Task objective: The answer must consist only of the lines in the records below from the line with "Ambassadors welcoming new" to the line with "Explore WonderWorks at Broadway at the Beach", both included, copied word for word with every picture left out.

Records for this exercise:
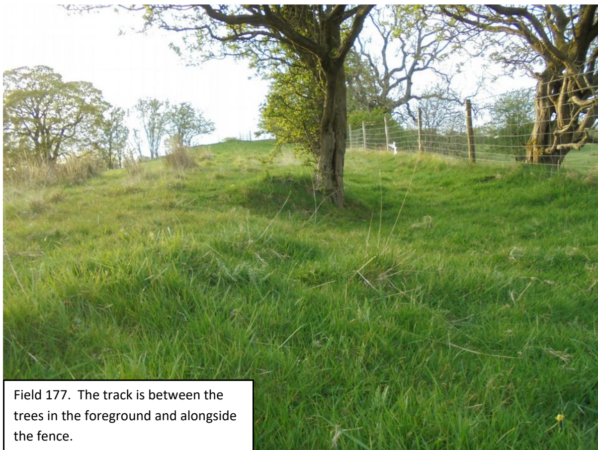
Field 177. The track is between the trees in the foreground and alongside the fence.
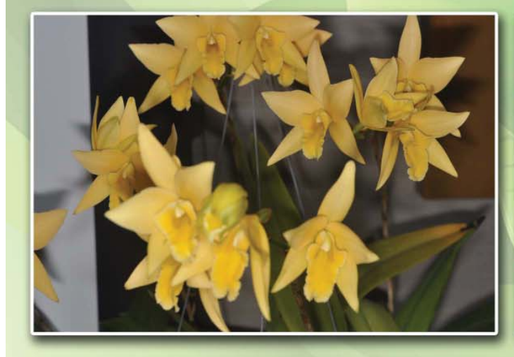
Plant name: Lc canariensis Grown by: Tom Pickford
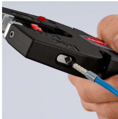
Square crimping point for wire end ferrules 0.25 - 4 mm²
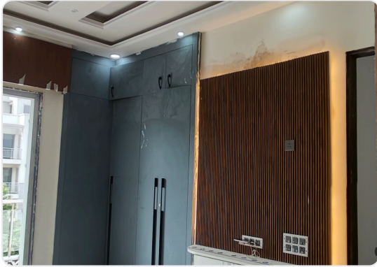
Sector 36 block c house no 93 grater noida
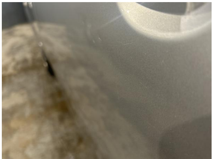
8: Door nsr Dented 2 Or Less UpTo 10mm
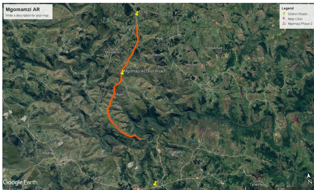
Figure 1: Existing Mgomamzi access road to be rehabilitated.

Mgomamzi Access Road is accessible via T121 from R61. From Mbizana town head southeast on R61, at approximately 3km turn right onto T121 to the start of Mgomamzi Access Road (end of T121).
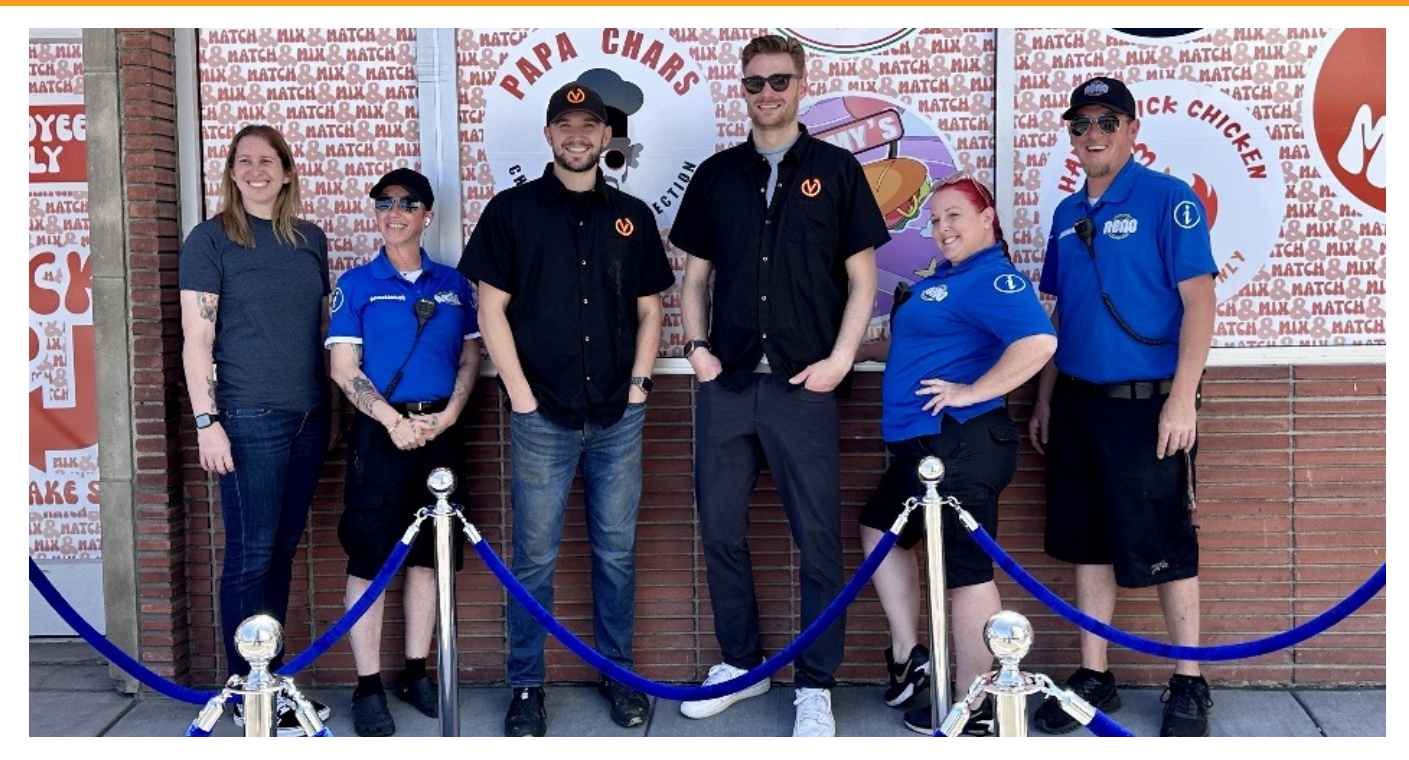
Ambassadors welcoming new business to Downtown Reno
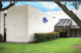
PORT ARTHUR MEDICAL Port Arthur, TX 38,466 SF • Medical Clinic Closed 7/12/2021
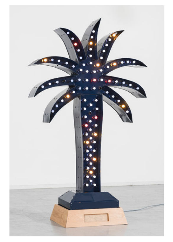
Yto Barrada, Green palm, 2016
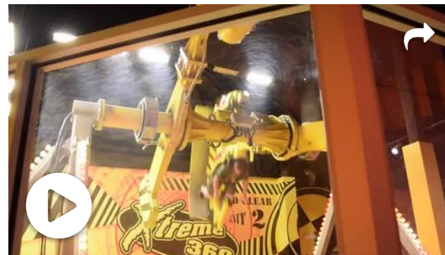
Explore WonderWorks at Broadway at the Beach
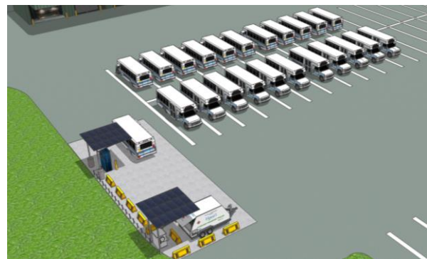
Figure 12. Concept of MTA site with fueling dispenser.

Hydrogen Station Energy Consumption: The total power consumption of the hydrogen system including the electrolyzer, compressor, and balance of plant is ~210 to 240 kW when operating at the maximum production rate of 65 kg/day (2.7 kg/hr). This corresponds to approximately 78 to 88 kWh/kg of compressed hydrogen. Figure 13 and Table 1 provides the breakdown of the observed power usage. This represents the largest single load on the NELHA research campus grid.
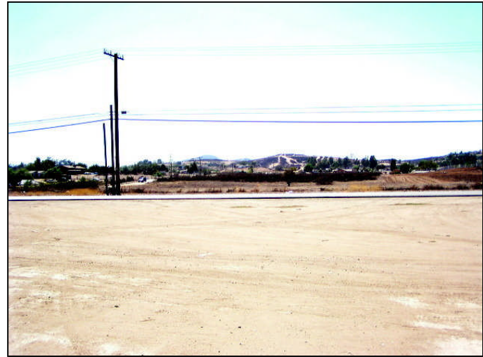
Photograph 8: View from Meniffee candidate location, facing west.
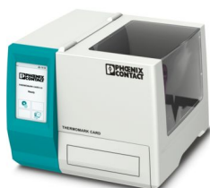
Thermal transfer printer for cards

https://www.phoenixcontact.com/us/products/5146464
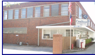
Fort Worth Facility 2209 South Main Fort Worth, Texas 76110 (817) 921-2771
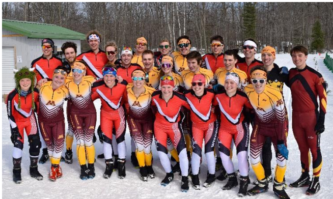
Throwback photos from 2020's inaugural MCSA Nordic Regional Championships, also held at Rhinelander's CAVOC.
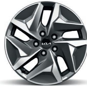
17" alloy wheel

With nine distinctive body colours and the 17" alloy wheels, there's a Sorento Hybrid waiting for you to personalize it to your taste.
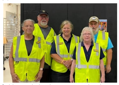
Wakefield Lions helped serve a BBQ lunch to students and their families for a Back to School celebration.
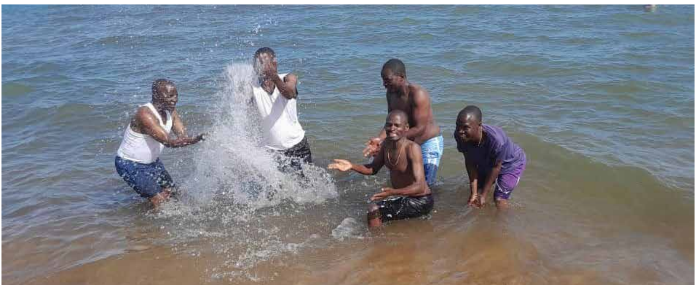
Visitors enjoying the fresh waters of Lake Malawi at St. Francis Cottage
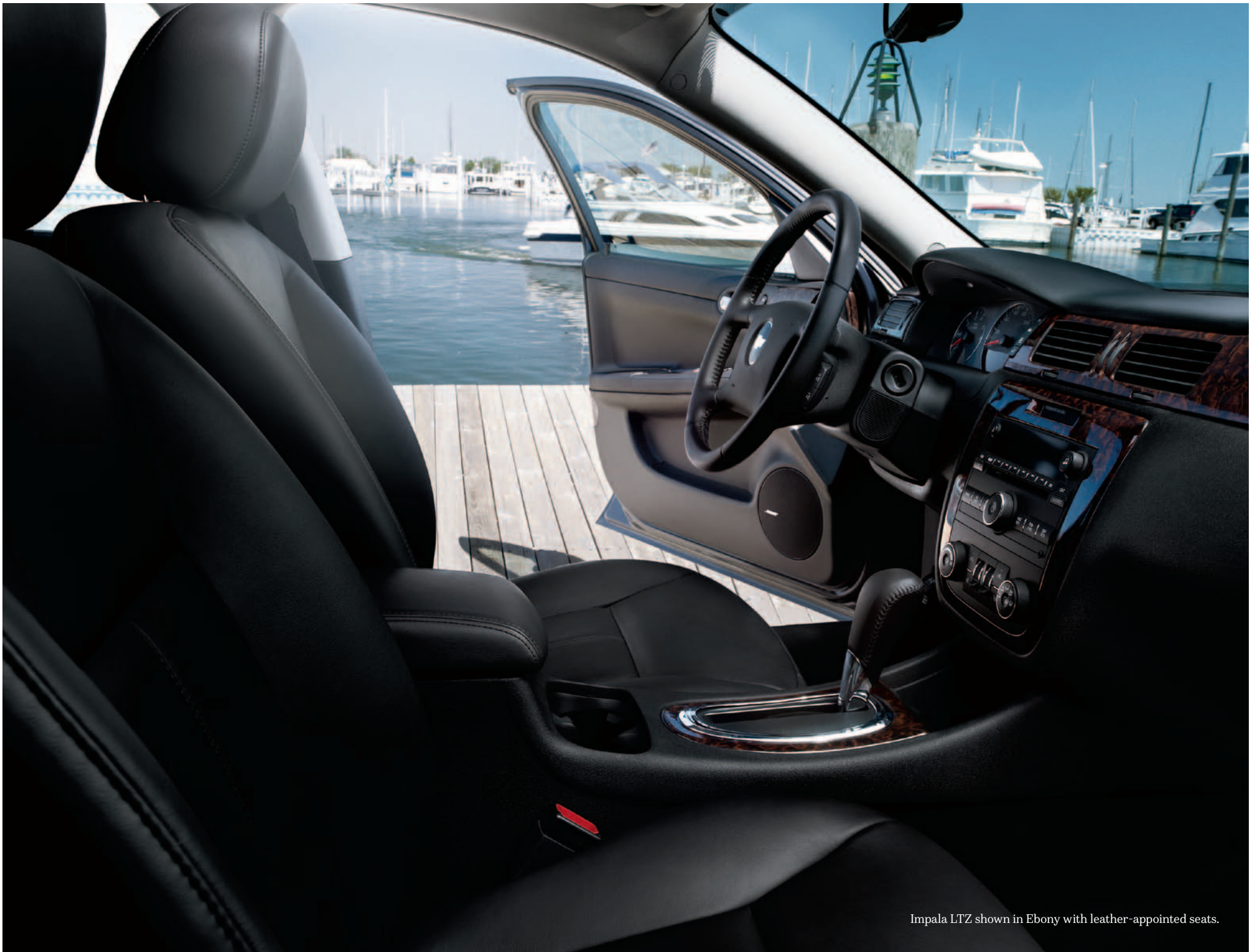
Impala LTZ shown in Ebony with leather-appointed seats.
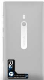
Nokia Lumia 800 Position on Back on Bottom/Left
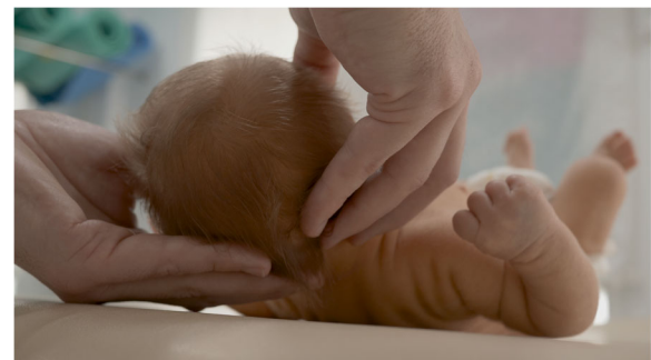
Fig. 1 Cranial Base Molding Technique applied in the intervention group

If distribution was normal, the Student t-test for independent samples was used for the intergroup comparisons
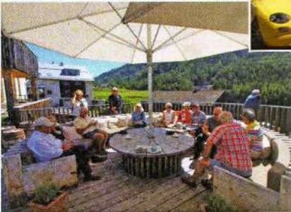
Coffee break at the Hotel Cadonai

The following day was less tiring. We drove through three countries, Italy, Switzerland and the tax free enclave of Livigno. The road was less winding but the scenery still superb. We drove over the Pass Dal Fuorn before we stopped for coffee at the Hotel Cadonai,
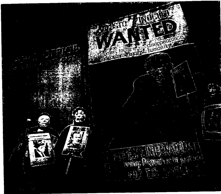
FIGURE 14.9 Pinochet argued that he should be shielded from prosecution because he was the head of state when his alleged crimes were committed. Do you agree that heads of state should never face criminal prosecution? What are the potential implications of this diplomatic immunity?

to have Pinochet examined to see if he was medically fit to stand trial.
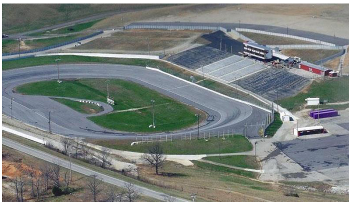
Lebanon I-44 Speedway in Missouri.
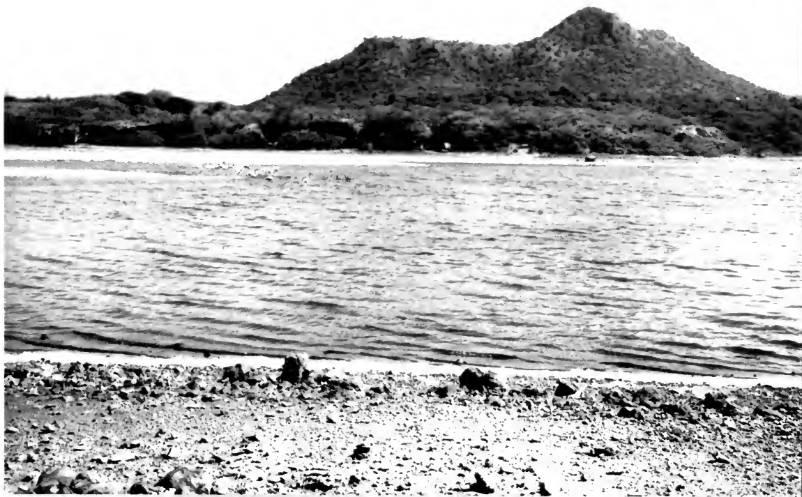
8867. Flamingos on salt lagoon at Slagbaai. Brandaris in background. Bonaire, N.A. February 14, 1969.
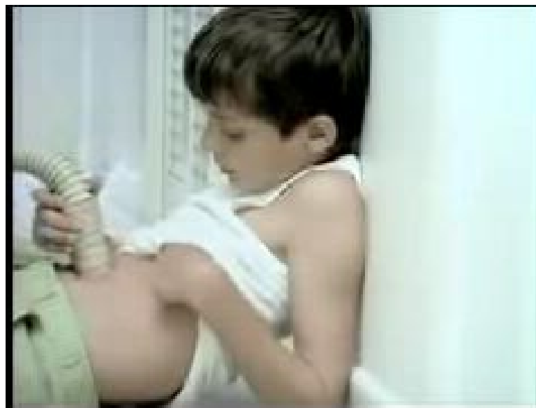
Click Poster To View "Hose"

Result:
Ambassadors welcoming new business to Downtown Reno
PORT ARTHUR MEDICAL Port Arthur, TX 38,466 SF • Medical Clinic Closed 7/12/2021
Yto Barrada, Green palm, 2016
Explore WonderWorks at Broadway at the Beach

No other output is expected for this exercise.